The results of the Variance Test are shown in the table.
| Sample | Group |
|---|---|
| 100.5449 | A |
| 99.6716 | A |
| 99.3292 | A |
| 100.0855 | A |
| 100.2163 | A |
| 100.0495 | A |
| 100.0238 | A |
| 99.2865 | A |
| 100.1467 | A |
| 99.7241 | A |
| 102.0206 | C |
| 101.0006 | C |
| 101.8330 | C |
| 101.7111 | C |
| 101.7244 | C |
| 98.6586 | C |
| 100.3181 | C |
| 100.9711 | C |
| 99.1699 | C |
| 100.7830 | C |
Test for Two Variances
| Values | |
|---|---|
| F Statistics | 0.121667 |
| Degrees of freedom (Numerator) | 9 |
| Degrees of freedom (Denominator) | 9 |
| P-Value | 0.00436814 |
| Standard Deviation - A | 0.3991091 |
| Standard Deviation - C | 1.144208 |
| Sample Size for A | 10 |
| Sample Size for C | 10 |
| Alternative Hypothesis Different from | 1 |
| Confidence Intervals for the Variances ratio | 95% |
| Lower Limit | 0.03022037 |
| Upper Limit | 0.4898308 |
Next, we present the graph containing the confidence interval and the margin of equivalence.
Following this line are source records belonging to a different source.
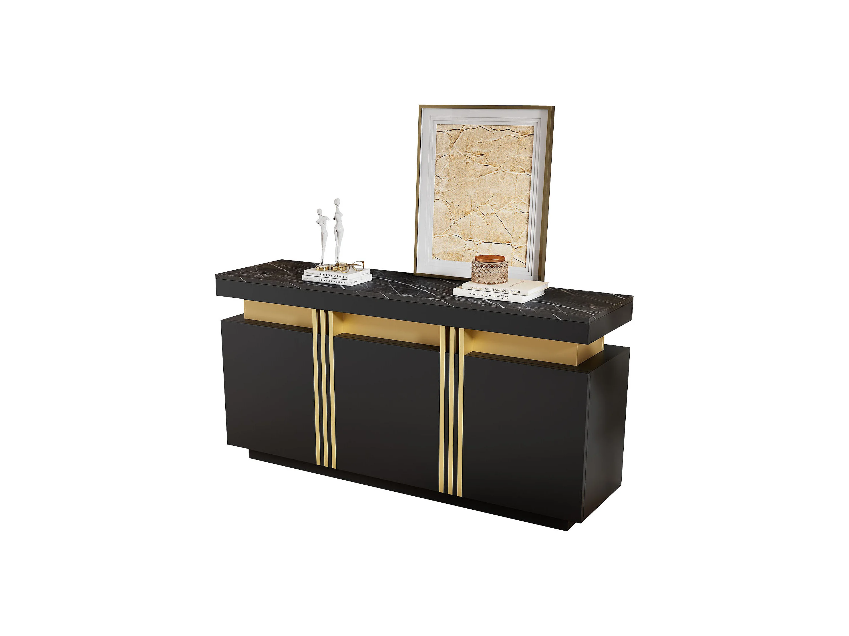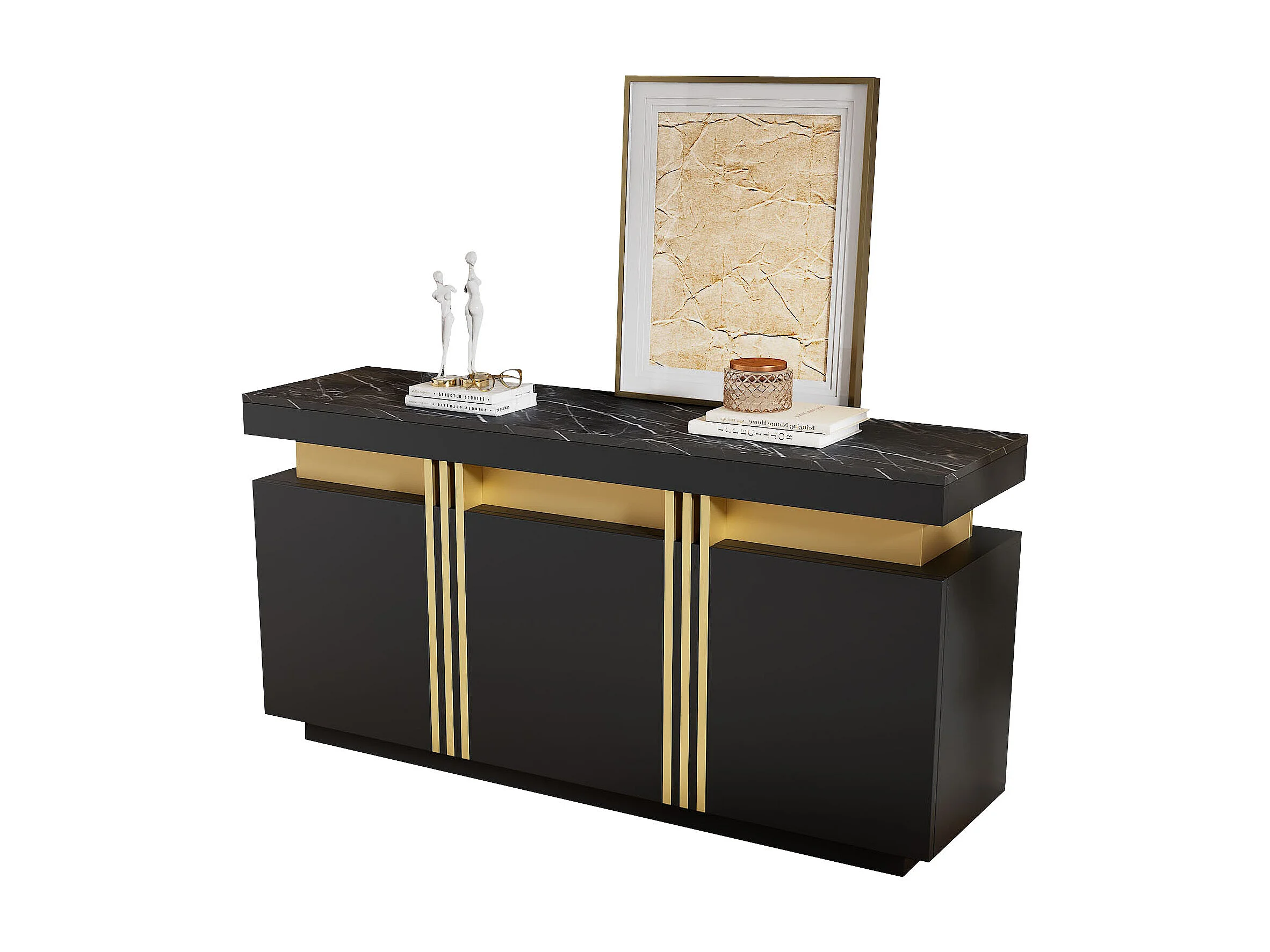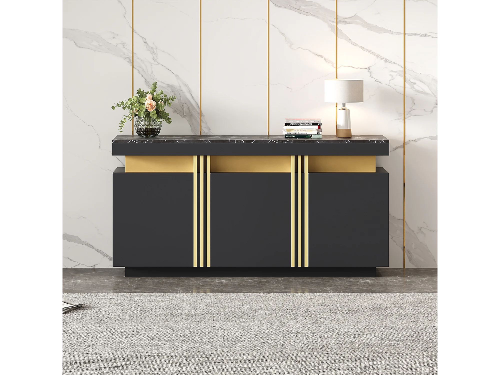 Buffet moderne 140x38x70cm - 3 portes - Étagères réglables - Noir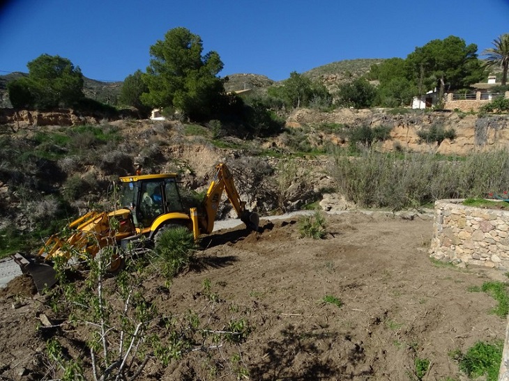 Para la eliminación de la caña se está procediendo primero a la trituración de la parte aérea de la planta, arrancando posteriormente las raíces y rizomas para su triturado igualmente, trabajos en los que ha colaborado igualmente el Ayuntamiento de Cartagena.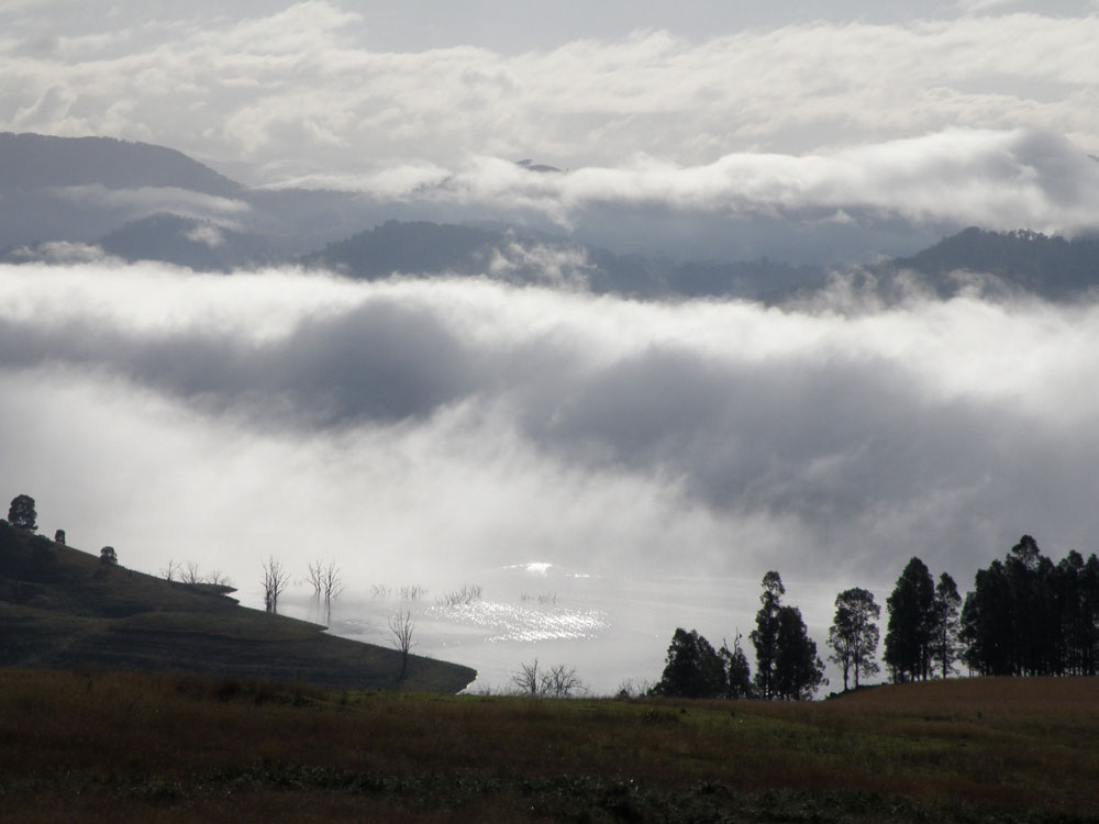 A view over Lake St Clair towards the Barrington wilderness in the Hunter Valley, NSW Australia.

For a significance level of 0.05 we reject the null hypothesis, i.e. we conclude that the variances are statistically different.
With P-value > $\alpha$, the null hypothesis is not rejected. Thus, it is concluded that the laboratories are not equivalent at the significance level $\alpha$ = 5%.